The ultimate goal is a seamless high-speed rail trip from the Dutch city of Rotterdam, Europe’s busiest port, in the north, to Genoa, on Italy’s Tyrrhenian Sea coast, in the south.
Violeta Bulc, the European Union’s transportation commissioner, attended the tunnel’s opening, calling the development “a milestone in European rail history and a major contribution of Switzerland to bringing Europe and Europeans closer together.”
The $12.5 billion tunnel pushes the 33-mile Seikan rail tunnel in Japan, which connects the northern island of Hokkaido with the main island of Honshu, to second place on the list of longest tunnels, and the 31-mile Channel Tunnel, which links Britain and France, to third place.
But the new world record might not last long: China has announced plans for a 76-mile link between the northern port cities of Dalian and Yantai, under the Bohai Strait.
Financing for the project — a package that includes sales and fuel taxes, road charges on heavy vehicles, and government loans — was approved by Swiss voters in a series of referendums.
For the Swiss, conquering the Alps — in this case, with a 1,345-foot boring machine, unlike the elephants used by the Carthaginian general Hannibal in his wars against Rome — is something of a national obsession.



The Gotthard has been a symbol of Swiss unity going back to the 13th century, and it was later the centerpiece of Switzerland’s plan of defense in case of an invasion by Nazi Germany, although that never happened. It was also the site of a 19th-century engineering feat in the Alps, a rail tunnel that opened in 1882 to great fanfare.
In 1879, The New York Times lauded that project as “adding another to the many records of man’s industry and ingenuity in subduing the mightiest obstacles which nature has interposed in the way of free communication between country and country.”
Another Times headline in 1880 reported “Mount St.

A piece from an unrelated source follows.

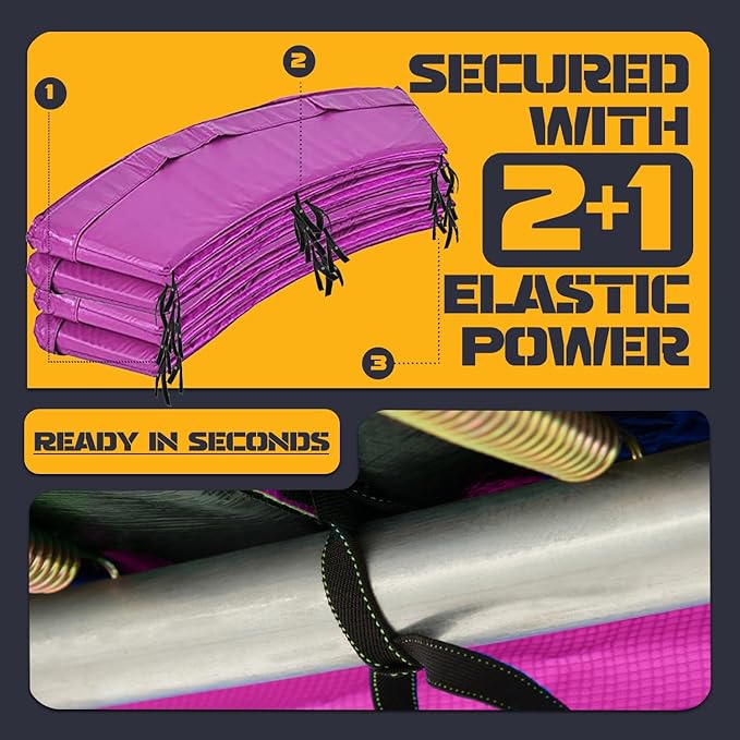 • ⭕️【 UV-Resistant & Weatherproof Trampoline Pad for Long-Lasting Use】Engineered with 2000-hour UV resistance testing, this trampoline cover blocks harmful sun rays & repels water, ensuring year-round outdoor safety. The double-reinforced elastic straps securely wrap around trampoline poles & frames, preventing shifting during play. Ideal as a trampoline mat replacement 15 FT for backyard setups, schools, or recreational centers demanding fade-proof and waterproof protection.Weather resist!

Gothard Successfully Pierced,” and two years later, the newspaper heralded the “formal opening of the newest and best way into Italy.”

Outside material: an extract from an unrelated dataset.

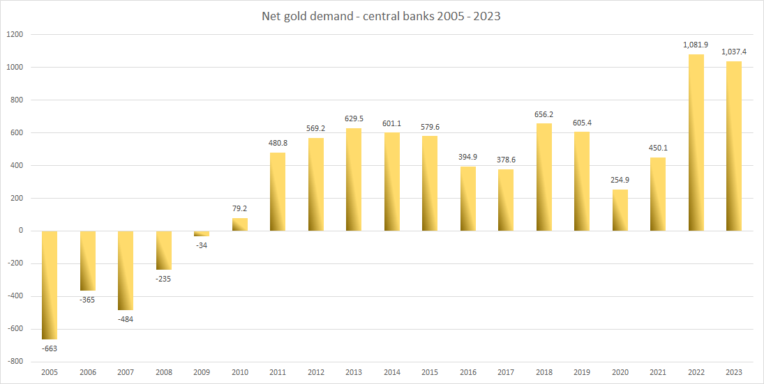 Net gold demand by central banks – 2005 – 2023. Compiled based on WGC data. Source: World Gold Council

In 1947, the Swiss engineer Carl Eduard Gruner proposed a Gotthard base tunnel, between Amsteg and Bodio, but the route had to be altered several times for engineering reasons.
The final breakthrough, on a section between Sedrun and Faido, came in 2010. It took 125 workers in three shifts round-the-clock to install the concrete slab track on which the trains will run, with some sections as deep as 1.4 miles.

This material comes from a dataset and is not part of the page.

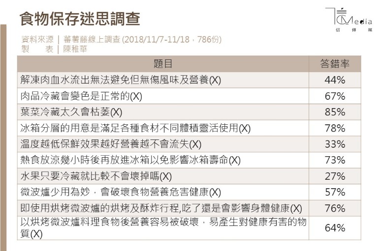 根據最新一份由蕃薯藤公佈的「食物保存迷思調查」顯示,國人食物保存觀念普遍不足,平均得分竟不到40分,更有近8成民眾對食物保存相關認知不及格。常見迷思包括:

On Wednesday, religious leaders blessed the tunnel; a statue of St. Barbara, the patron saint of miners, stands inside it. Nine workers who died while building the tunnel were honored on Tuesday with a bronze plaque.
Five hundred passengers, selected from a lottery that 130,000 people entered, took part in the inaugural ride.
Among the leaders in attendance were the Swiss president, Johann Schneider-Ammann, Chancellor Angela Merkel of Germany, President François Hollande of France, Prime Minister Matteo Renzi of Italy, Prime Minister Adrian Hasler of Liechtenstein, and Chancellor Christian Kern of Austria.
After testing ends this year, around 260 freight trains and 65 passenger trains are expected to travel through the two-tube tunnel each day, reaching speeds approaching 100 miles an hour for freight and 125 miles an hour with passengers. Passenger trains are expected to eventually reach 155 miles an hour.
             The new Gotthard Base Tunnel
The world's longest rail tunnel is set to open in Switzerland. It took 17 years to complete. A Swiss photographer has portrayed people whose lives will be affected by it.

Goods currently carried by a million trucks a year will eventually be moved by trains instead.